- [Exercise aim]
Would you please output, word for word, the span of the listing below that opens on the line containing "香港の生地で作った巾着 茶餐廳のメニュー柄" and closes on the line containing "chipek száma: nincs"? Include both ends and nothing more.

- [Task data]
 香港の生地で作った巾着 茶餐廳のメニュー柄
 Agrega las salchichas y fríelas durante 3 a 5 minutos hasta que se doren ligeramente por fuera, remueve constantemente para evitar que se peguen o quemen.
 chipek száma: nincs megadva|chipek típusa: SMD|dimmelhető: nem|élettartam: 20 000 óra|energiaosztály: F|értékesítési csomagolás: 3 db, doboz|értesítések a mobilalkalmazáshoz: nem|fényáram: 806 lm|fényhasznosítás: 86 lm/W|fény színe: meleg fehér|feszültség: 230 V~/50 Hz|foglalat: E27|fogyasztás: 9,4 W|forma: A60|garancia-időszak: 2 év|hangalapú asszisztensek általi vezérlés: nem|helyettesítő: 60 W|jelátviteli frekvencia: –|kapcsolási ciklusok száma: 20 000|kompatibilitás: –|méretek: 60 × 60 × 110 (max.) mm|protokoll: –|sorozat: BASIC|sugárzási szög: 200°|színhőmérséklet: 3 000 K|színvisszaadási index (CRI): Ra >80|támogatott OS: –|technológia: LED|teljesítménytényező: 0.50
--
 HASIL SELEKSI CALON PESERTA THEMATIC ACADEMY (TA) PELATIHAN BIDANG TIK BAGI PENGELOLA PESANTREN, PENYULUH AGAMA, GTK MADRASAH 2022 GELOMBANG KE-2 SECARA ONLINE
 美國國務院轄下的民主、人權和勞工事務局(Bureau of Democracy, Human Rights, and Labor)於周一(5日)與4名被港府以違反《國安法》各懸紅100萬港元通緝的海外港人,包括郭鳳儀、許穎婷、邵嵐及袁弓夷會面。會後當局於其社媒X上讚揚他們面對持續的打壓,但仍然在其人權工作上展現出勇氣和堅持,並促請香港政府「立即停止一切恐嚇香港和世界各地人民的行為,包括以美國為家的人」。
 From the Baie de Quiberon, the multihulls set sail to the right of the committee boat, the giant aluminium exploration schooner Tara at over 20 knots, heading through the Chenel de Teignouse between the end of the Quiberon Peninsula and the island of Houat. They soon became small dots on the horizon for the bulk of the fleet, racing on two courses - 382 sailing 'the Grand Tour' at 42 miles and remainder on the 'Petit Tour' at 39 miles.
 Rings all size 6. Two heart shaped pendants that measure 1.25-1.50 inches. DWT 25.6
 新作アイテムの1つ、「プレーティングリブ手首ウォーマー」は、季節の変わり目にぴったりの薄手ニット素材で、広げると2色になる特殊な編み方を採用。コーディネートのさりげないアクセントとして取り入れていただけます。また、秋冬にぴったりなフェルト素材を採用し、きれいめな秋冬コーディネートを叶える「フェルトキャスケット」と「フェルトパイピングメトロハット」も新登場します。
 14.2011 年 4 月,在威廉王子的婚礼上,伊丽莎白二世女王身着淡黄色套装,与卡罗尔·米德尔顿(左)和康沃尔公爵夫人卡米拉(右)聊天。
---
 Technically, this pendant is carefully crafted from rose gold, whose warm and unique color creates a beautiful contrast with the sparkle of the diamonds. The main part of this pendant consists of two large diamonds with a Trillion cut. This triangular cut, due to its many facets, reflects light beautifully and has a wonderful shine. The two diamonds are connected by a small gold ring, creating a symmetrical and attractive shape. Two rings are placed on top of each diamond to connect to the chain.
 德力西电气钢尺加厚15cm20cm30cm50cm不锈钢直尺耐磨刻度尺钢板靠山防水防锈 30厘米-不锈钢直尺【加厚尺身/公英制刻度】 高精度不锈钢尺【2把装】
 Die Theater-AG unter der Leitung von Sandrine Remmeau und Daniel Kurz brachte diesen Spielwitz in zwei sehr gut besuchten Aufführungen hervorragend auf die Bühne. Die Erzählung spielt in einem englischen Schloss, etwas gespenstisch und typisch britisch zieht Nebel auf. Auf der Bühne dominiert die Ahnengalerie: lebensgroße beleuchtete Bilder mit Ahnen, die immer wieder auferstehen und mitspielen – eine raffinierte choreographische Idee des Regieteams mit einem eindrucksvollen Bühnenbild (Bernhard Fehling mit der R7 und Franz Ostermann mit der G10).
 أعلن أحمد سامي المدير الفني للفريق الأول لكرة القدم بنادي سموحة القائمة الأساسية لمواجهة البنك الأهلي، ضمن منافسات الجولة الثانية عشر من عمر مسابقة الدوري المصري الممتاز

- [Task solution]
 香港の生地で作った巾着 茶餐廳のメニュー柄
 Agrega las salchichas y fríelas durante 3 a 5 minutos hasta que se doren ligeramente por fuera, remueve constantemente para evitar que se peguen o quemen.
 chipek száma: nincs megadva|chipek típusa: SMD|dimmelhető: nem|élettartam: 20 000 óra|energiaosztály: F|értékesítési csomagolás: 3 db, doboz|értesítések a mobilalkalmazáshoz: nem|fényáram: 806 lm|fényhasznosítás: 86 lm/W|fény színe: meleg fehér|feszültség: 230 V~/50 Hz|foglalat: E27|fogyasztás: 9,4 W|forma: A60|garancia-időszak: 2 év|hangalapú asszisztensek általi vezérlés: nem|helyettesítő: 60 W|jelátviteli frekvencia: –|kapcsolási ciklusok száma: 20 000|kompatibilitás: –|méretek: 60 × 60 × 110 (max.) mm|protokoll: –|sorozat: BASIC|sugárzási szög: 200°|színhőmérséklet: 3 000 K|színvisszaadási index (CRI): Ra >80|támogatott OS: –|technológia: LED|teljesítménytényező: 0.50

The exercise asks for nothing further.